Anwar Munir A, Kralj Slavko, van der Maarel Marc J E C, Dijkhuizen Lubbert
Centre for Carbohydrate Bioprocessing, TNO-University of Groningen, PO Box 14, 9750 AA Haren, The Netherlands.
Appl Environ Microbiol. 2008 Jun;74(11):3426-33. doi: 10.1128/AEM.00377-08. Epub 2008 Apr 11.
Fructansucrase enzymes polymerize the fructose moiety of sucrose into levan or inulin fructans, with beta(2-6) and beta(2-1) linkages, respectively. The probiotic bacterium Lactobacillus johnsonii strain NCC 533 possesses a single fructansucrase gene (open reading frame AAS08734) annotated as a putative levansucrase precursor. However, (13)C nuclear magnetic resonance (NMR) analysis of the fructan product synthesized in situ revealed that this is of the inulin type. The ftf gene of L. johnsonii was cloned and expressed to elucidate its exact identity. The purified L. johnsonii protein was characterized as an inulosucrase enzyme, producing inulin from sucrose, as identified by (13)C NMR analysis. Thin-layer chromatographic analysis of the reaction products showed that InuJ synthesized, besides the inulin polymer, a broad range of fructose oligosaccharides. Maximum InuJ enzyme activity was observed in a pH range of 4.5 to 7.0, decreasing sharply at pH 7.5. InuJ exhibited the highest enzyme activity at 55 degrees C, with a drastic decrease at 60 degrees C. Calcium ions were found to have an important effect on enzyme activity and stability. Kinetic analysis showed that the transfructosylation reaction of the InuJ enzyme does not obey Michaelis-Menten kinetics. The non-Michaelian behavior of InuJ may be attributed to the oligosaccharides that were initially formed in the reaction and which may act as better acceptors than the growing polymer chain. This is only the second example of the isolation and characterization of an inulosucrase enzyme and its inulin (oligosaccharide) product from a Lactobacillus strain. Furthermore, this is the first Lactobacillus strain shown to produce inulin polymer in situ.

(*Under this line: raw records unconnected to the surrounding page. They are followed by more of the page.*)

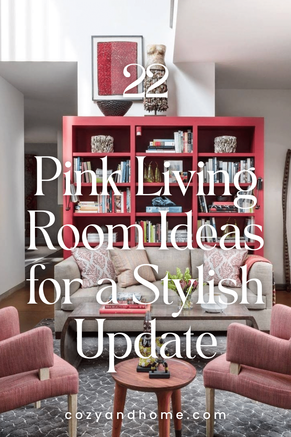 Bold shelving and structured seating introduce depth against pink walls, resulting in a confident and modern interior. Thoughtful placement of books and objects adds visual interest while keeping the room organized and intentional.
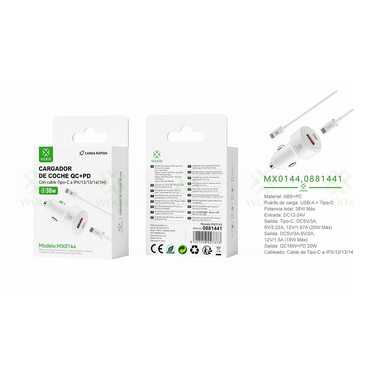 WOOX MX0144 CARGADOR CARGA RAPIDA PARA COCHE DE 2 PUERTOS USB+USB-C CON CABLE TYPE-C TO LIGHTNING (1M) 38W BLANCO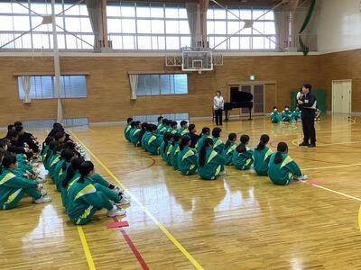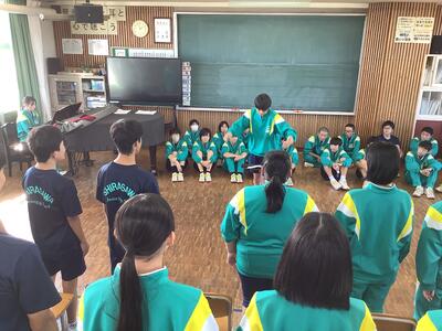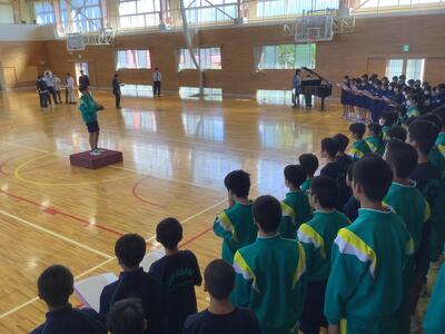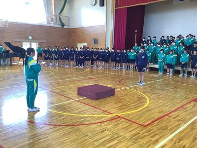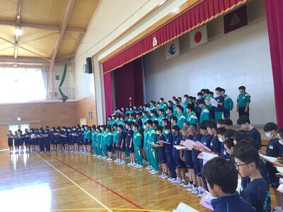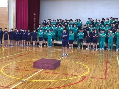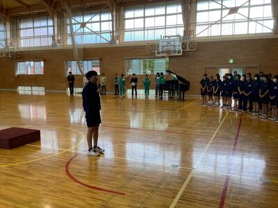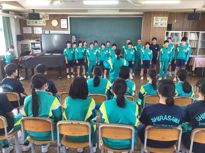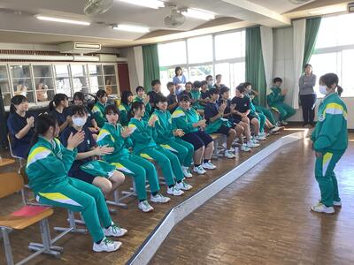 今週18~20日に、三重県伊勢陸上競技場で行われる「JOCジュニアオリンピックカップU16陸上競技大会」に、1年生の平栗さんが「女子ジャベリックスロー」に出場します。先日の全校集会で紹介はしていましたが、今週末の大会ということで、サプライズの壮行会を実施しました。福島県代表として、そして、白沢中学校の生徒として参加するので、学校全体で応援したいということでの壮行会。応援団長・副団長のエール、生徒会長から激励の言葉、全校生からの拍手、白沢中学校全体で応援しました。白中祭と日程が重なってしまいましたが、精一杯力を発揮してきてほしいです!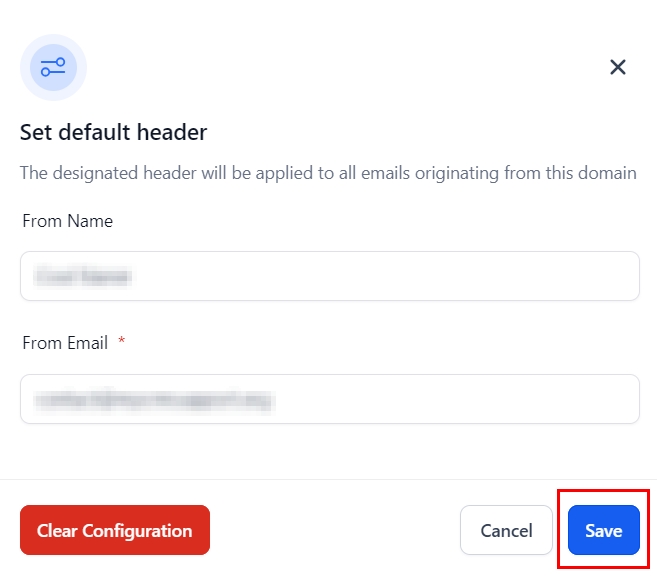 In the provided fields, enter the default from name and email address you wish to use for this domain. These will be applied to all outgoing emails sent through this domain.

果聚糖蔗糖酶可将蔗糖的果糖部分分别以β(2-6)和β(2-1)键合聚合成左聚糖或菊粉型果聚糖。益生菌约氏乳杆菌NCC 533菌株拥有一个单一的果聚糖蔗糖酶基因(开放阅读框AAS08734),注释为假定的左聚糖蔗糖酶前体。然而,对原位合成的果聚糖产物进行的(13)C核磁共振(NMR)分析表明,其为菊粉型。克隆并表达了约氏乳杆菌的ftf基因以阐明其确切特性。经(13)C NMR分析鉴定,纯化的约氏乳杆菌蛋白被表征为一种菊粉蔗糖酶,可由蔗糖产生菊粉。反应产物的薄层色谱分析表明,除菊粉聚合物外,InuJ还合成了多种果糖寡糖。在pH 4.5至7.0范围内观察到InuJ酶的最大活性,在pH 7.5时急剧下降。InuJ在55℃时表现出最高酶活性,在60℃时急剧下降。发现钙离子对酶活性和稳定性有重要影响。动力学分析表明,InuJ酶的转果糖基化反应不遵循米氏动力学。InuJ的非米氏行为可能归因于反应中最初形成的寡糖,其可能比不断增长的聚合物链更适合作为受体。这仅是从乳酸杆菌菌株中分离和表征菊粉蔗糖酶及其菊粉(寡糖)产物的第二个例子。此外,这是首个被证明可原位产生菊粉聚合物的乳酸杆菌菌株。